The past few decades have seen a critical improvement in cancer treatment outcomes through a combination of molecular tumor testing and genetically matched targeted therapies. The history of precision medicine can be dated back to the first use of antiestrogen in breast cancer. Since this breakthrough, several other predictive biomarkers have been identified. Currently, the number of somatic tumor mutations used for standard treatment decisions is still quite limited and can easily be assessed via platforms capturing only these mutations, yet the demand for genetic testing evaluating molecular alterations will expand proportionally to rapidly expanding genetic knowledge and related drug development.

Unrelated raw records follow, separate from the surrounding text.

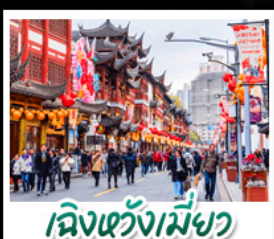
เมืองเซี่ยงเหมียว
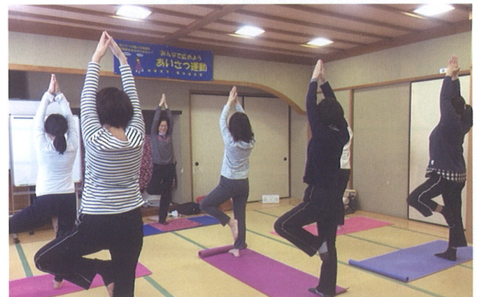
富士見ヨガこすもす
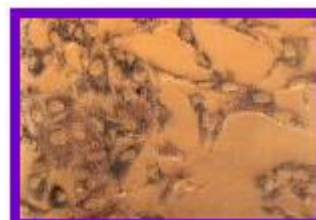
Aktywność mitochondrialna komórek SIRC, oceniona po 48-godzinnym wzroście w teście MTT
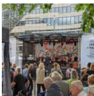
Open-Air-Bühne vorm Kö-Bogen
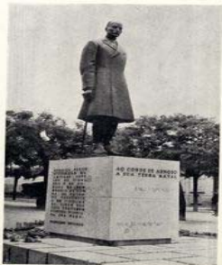
Estátua do CONDE DE ARNOSO, inaugurada em Guimarães, no Largo da República do Brasil, em 29 de Abril de 1961.

©Escultor Joaquim Correia, Arquitecto Augusto Mendes.
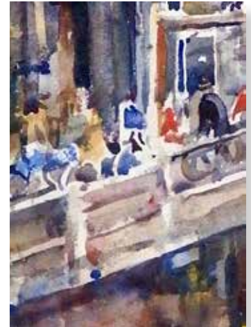
Detail aquarel zie pagina 31
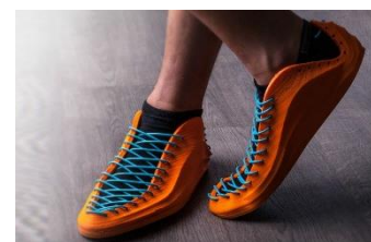
Sneakers II, de Recreus, realitzat amb impressió en 3D amb materials flexibles
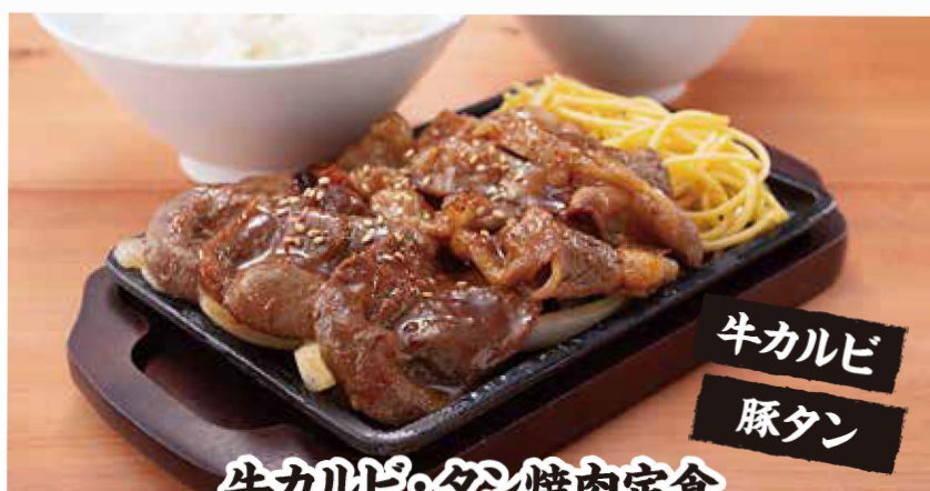
牛カルビ・タン焼肉定食
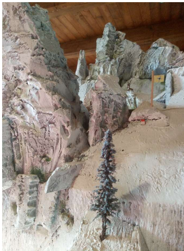
Zleva: Soví věž, Ege di Midi, Ounasvaara, Otorten

Ounasvaara (VU).....6530 m.n.m. Otorten (VU).....6052 m.n.m. Ege di Midi (VU).....5821 m.n.m. Soví věž (SO = HA).....5722 m.n.m. Elwingen (VU) .....5450 m.n.m. Ganek (VU).....5050 m.n.m.
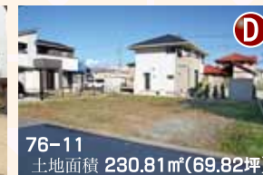
76-11 土地面積 230.81㎡(69.82坪)
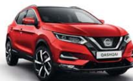
ČERVENÁ FLAME - S - Z10

(*) balíček Dynamic standard pro Tekna+, volitelné pro Tekna a N-Connecta
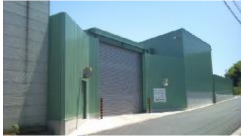
株式会社興徳クリーナー 尾生工場
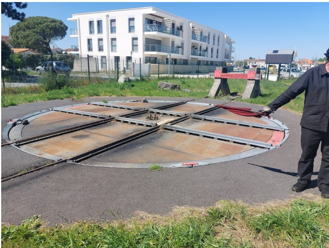
La plaque tournante de la Temblade, cul-de-sac de la ligne Saujon-La Tremblade. La plaque tournante va permettre à la locomotive de faire demi-tour avant de se repositionner en tête de train.
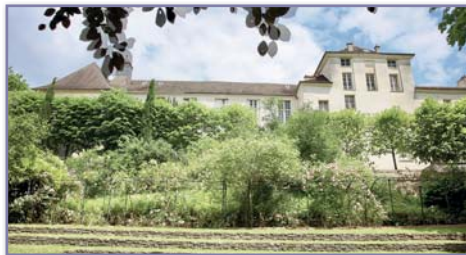
Musée Maurice Denis Saint Germain en Laye

Musée de L'horlogerie à Saint-Nicolas-d'Aliermont et Arques-la-Bataille
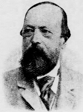
Gustav v. Moser †. (Z. 196)

Was nun unsere Angelegenheit betrifft, so glaube ich, dieselbe steht gut. Ich meinerseits habe meine Pflicht getan, und wenn Sie nun Ihrerseits den richtigen Griff an dem jungen Manne getan haben, kann uns das Geschäft gar nicht entgehen. Ich glaube, Sie haben ein leichteres Spiel als ich, und Ihre große Gewandtheit, Ihre Fähigkeit, nicht nur geschickt, sondern auch poetisch zu reden, kommt Ihnen gewiß mehr zu statten als mir meine geschäftsmäßige Mäßigkeit. Indes habe ich alles getan, was getan werden mußte. Die junge Dame ist bereit, auf meinen Vorschlag einzugehen. Ich habe sie in einer Gesellschaft getroffen und ihr lange, lange von der Annehmlichkeit des Landlebens erzählt; ich glaube sogar, ich bin poetisch geworden, und Sie hätten Ihre Freude an mir gehabt.
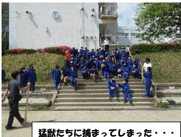
猛獣たちに捕まってしまった・・・
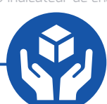
Ergonomic side handle Poignée ergonomique
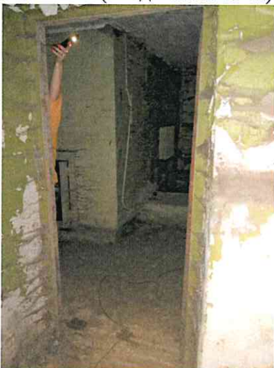
Фото № 3 (вход в пом. 19-Н)

Clinicians will be confronted with both increasingly complex genetic information and a wide array of platform choices; although large-scale sequencing is most informative in most cases, targeted in-depth sequencing may be preferred in others. The abundance of genetic tests and information provides a serious challenge. Furthermore, most pathology and sequencing reports only document well-known aberrations that could be therapeutically targeted, meaning that other genetic aberrations for which experimental agents and/or drug access programs are available may be missed [89]. Therefore, as novel molecular and genomic treatment indications are explored, it is becoming increasingly vital to generate and correctly interpret molecular tumor profiles to offer optimal cancer treatment. Nevertheless, the remarkable evolution of molecular techniques and the precision achieved by these tools need skilled assessment. This requires discussing the clinical cases and results obtained by molecular analyses to translate molecular profiles into clinical benefit for our patients. Developing molecular tumor boards made up of experts from a variety of disciplines will help optimize patient selection [90].

5. Conclusions

Personalized treatment for patients diagnosed with solid tumors has resulted in several advances in recent years. The possibility to offer a molecular-based personalized approach for cancer patients represents an attractive possibility in oncology. To obtain a relevant and real change which could improve all clinical outcome, a better understanding of molecular biology is needed. To improve, a multi-omic approach able to integrate DNA and RNA alterations, proteomics, and metabolomics will be necessary. The implementation of translational studies based on liquid biopsy and organoids or xenografts to evaluate molecular changes due to clonal pressure generated due to the use of target agents or tumor heterogeneity would help in the detection of mechanisms of resistance, suggesting the possibility for novel combinations. Further research is urgently needed to improve precision.

Funding

This research received no external funding.

Conflicts of Interest

A.C. declares institutional research funding from Genentech, Merck Serono, BMS, MSD, Roche, Beigene, Bayer, Servier, Lilly, Novartis, Takeda, Astellas and Fibrogen and advisory board or speaker fees from Merck Serono, Roche, Servier, Takeda and Astellas in the last 5 years. All remaining authors have declared no conflicts of interest.